Cette menace s'est déjà
concrétisée sur le sol européen et continue de le faire. La semaine dernière,
le site de Cork de la société de technologie médicale Stryker a été touché par
une cyberattaque visant les activités mondiales de l'entreprise. Handala, un
groupe de pirates informatiques lié à l'Iran, a revendiqué cette attaque. En
2022, l'Iran a mené une cyberattaque destructrice contre le gouvernement
albanais qui a considérablement perturbé les services publics et entraîné la
rupture des relations diplomatiques. Cette attaque est largement considérée
comme une riposte à l'accueil par l'Albanie d'un groupe dissident iranien.
Selon l'analyse de
Kang, les organisations opérant dans les secteurs gouvernementaux et des
infrastructures critiques, notamment l'énergie, les télécommunications et les
services financiers, sont particulièrement exposées en période d'escalade
géopolitique. Les partenaires de la chaîne d'approvisionnement et les instituts
de recherche peuvent également devenir des cibles, soit pour la collecte de
renseignements stratégiques, soit comme points d'entrée indirects vers des
réseaux plus vastes.
Les cyberactivités liées aux tensions géopolitiques constituent rarement des perturbations fortuites.

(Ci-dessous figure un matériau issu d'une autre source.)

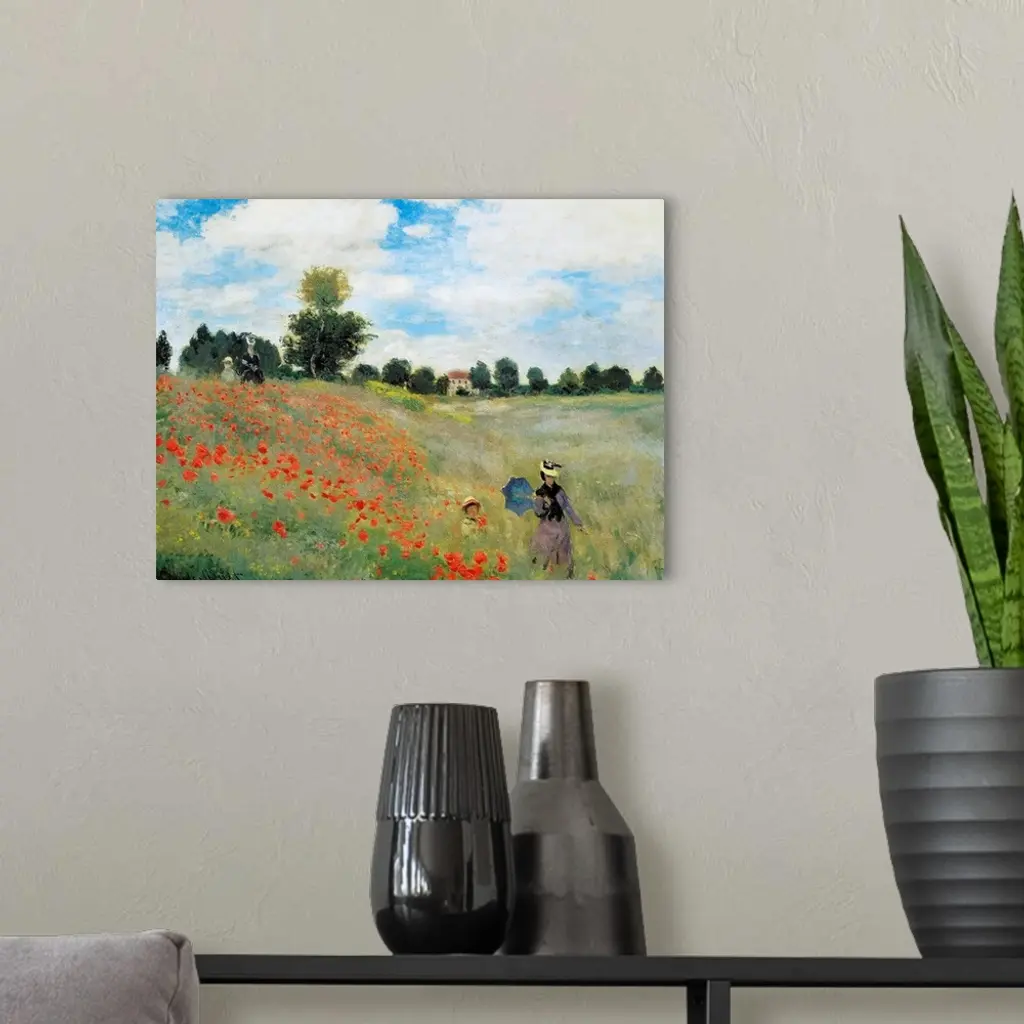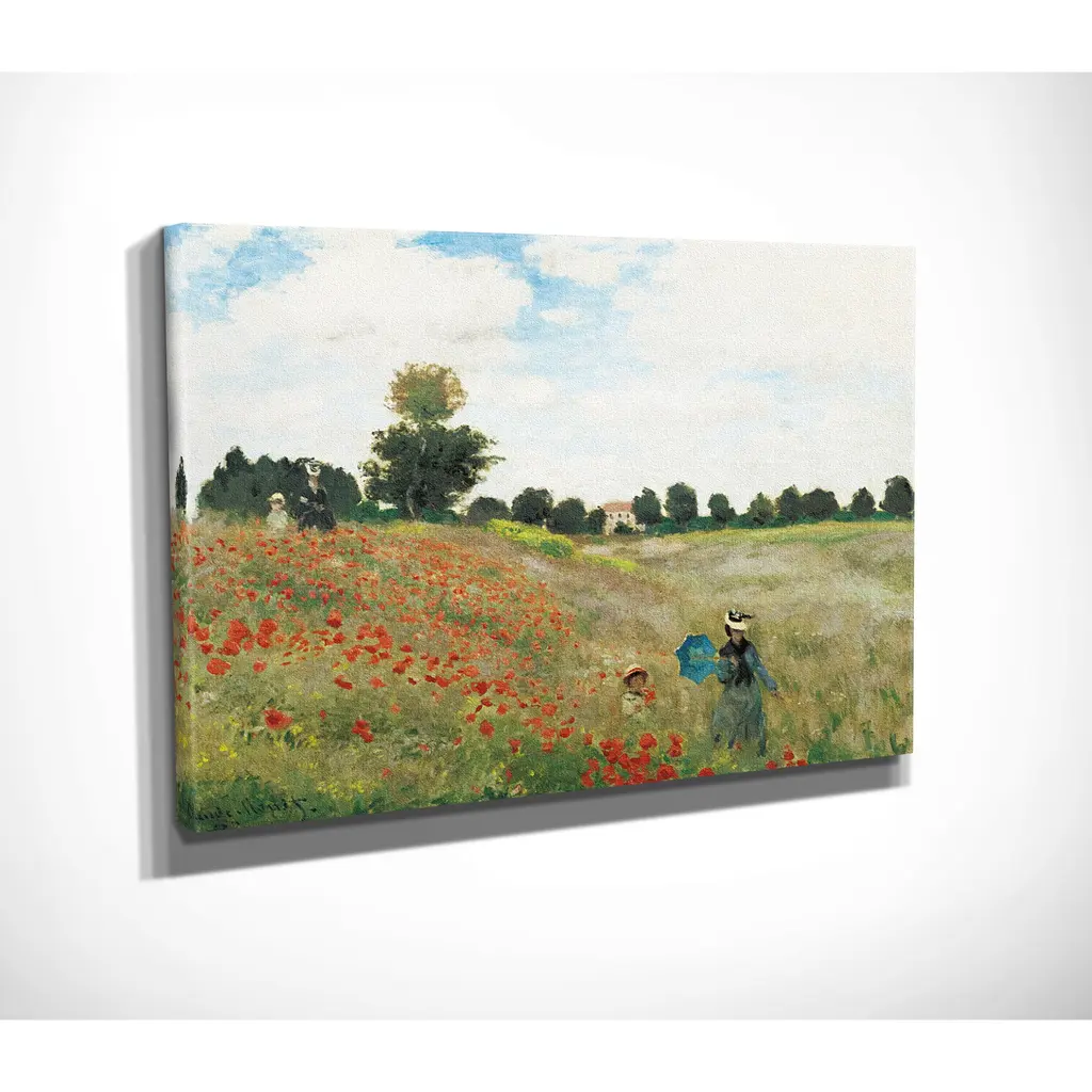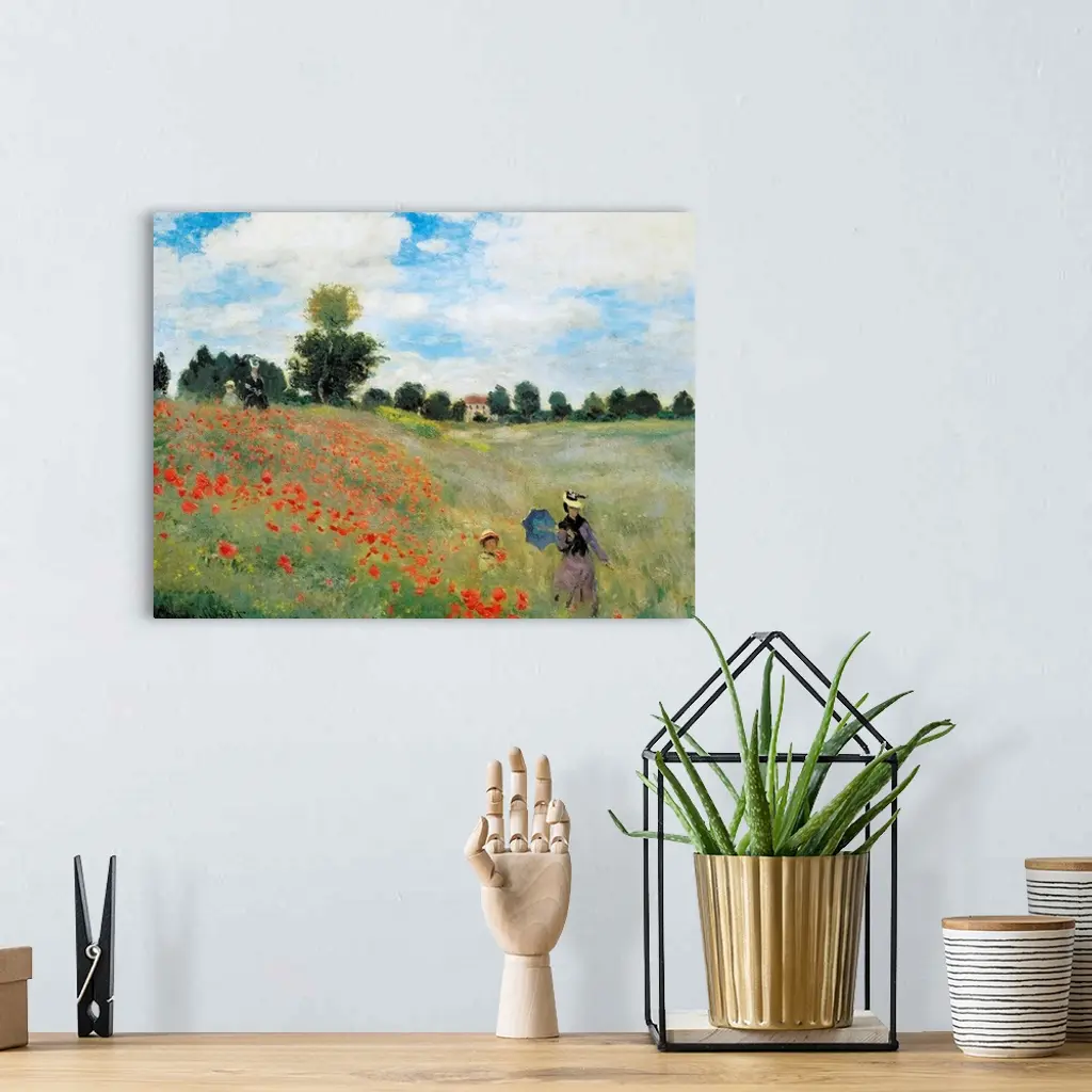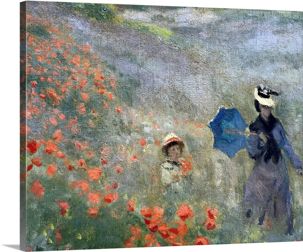 Impressionist painting by Claude Monet of a woman and child in a field of flowers.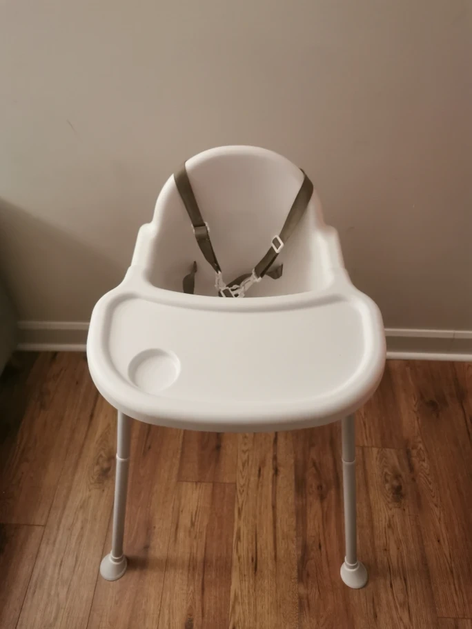 Selling a gently used IKEA Antilop high chair in white. It's in great condition and perfect for feeding time! It comes with the safety harness to keep your little one secure. Easy to clean and a great space saver too

Elles servent au contraire de plus en plus souvent d’outil stratégique permettant aux États d’exercer des pressions, de riposter ou de recueillir des renseignements sans en venir à une confrontation militaire conventionnelle. Ces opérations peuvent inclure le vol d’identifiants, des campagnes de ransomware, la compromission de la chaîne d’approvisionnement et l’utilisation de logiciels malveillants destructeurs.
Dans certains cas, les
attaquants infiltrent les réseaux des mois, voire des années à l'avance, et
n'activent le code malveillant que lorsque les tensions géopolitiques
s'intensifient. Dans le cas de l'Albanie, les attaquants ont conservé l'accès aux
systèmes gouvernementaux pendant environ quatorze mois avant de mener
l'attaque. Au-delà de l'Iran, M. Kang note que la Russie et la Chine ont
également été associées à des opérations cybernétiques à long terme ciblant les
réseaux gouvernementaux et institutionnels, y compris ceux de l'UE.
La cybersécurité
devient également un enjeu central de gouvernance au sein des entreprises.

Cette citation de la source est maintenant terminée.